Linkage relationships across whole genomes are the focus of the next paper, in which Loren Rieseberg, Stuart J.E. Baird, and Keith A. Gardner discuss natural homoploid (i.e. non-polyploid) hybridization, drawing on their extensive studies of genome structure and evolution in both natural and resynthesized Helianthus hybrid species. Among their conclusions are that hybridization can result in major restructuring of the genome and can produce new species rapidly. Many of these same themes are also at the heart of Jonathan Wendel's review of gene and genome evolution in polyploids. The majority - perhaps the vast majority - of flowering-plant genomes have been shaped by polyploid events at some time in their history, making understanding of this process of critical impor­tance. Like hybridization, polyploidy can bring together genes from diverse sources and promote new interactions, but unlike diploid hybrids, polyploids of hybrid origin (allopolyploids) must generally accommodate genes from the homologous (homoeologous) loci of both parents for long periods of evolutionary time. The results for gene

IX

family evolution vary greatly from gene to gene and from species to species, and include new expression patterns, silencing, divergence in function, concerted evolution, and rapid structural changes that may involve transposable element activation and migration. The role of transposable elements in the evolution of genes and genomes is covered in more detail by Jeff Bennetzen in the final paper. Bennetzen catalogs the categories of transposable elements, from DNA transposons to retrotransposons to MITEs. Different elements have different target speci­ficities; for example, MITEs prefer to transpose into genic regions but retrotransposons predominantly insert into other retrotransposons. The overall activity of transposonable elements varies substantially among species but, as Bennetzen details, they are an important component of the structure and evolution of plant genomes.
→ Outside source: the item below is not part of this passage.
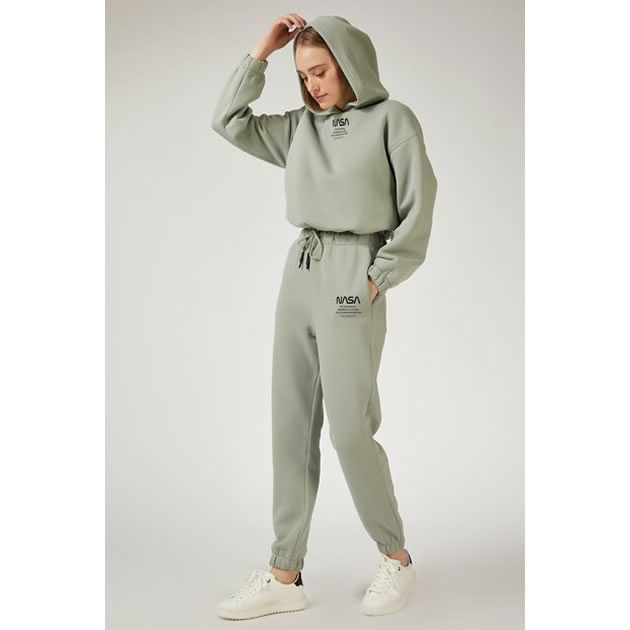 Happiness İst. Kadın Çağla Yeşili Polarlı Baskılı Eşofman Takımı

It is our hope that this overview does not merely provide information about specific topics - though clearly there is plenty of information here. Rather, the goal is to provide examples of studies that cover a range of topics that combine plant molecular biology and evolution. Of the authors, some are primarily molecular biologists, whereas others would no doubt describe themselves as systematists or evolutionary biologists. Thus, in the range of topics and the breadth of the authors' interests we feel that there is something here with which any reader can identify, and, we hope, be stimulated to think about the interface between the different fields.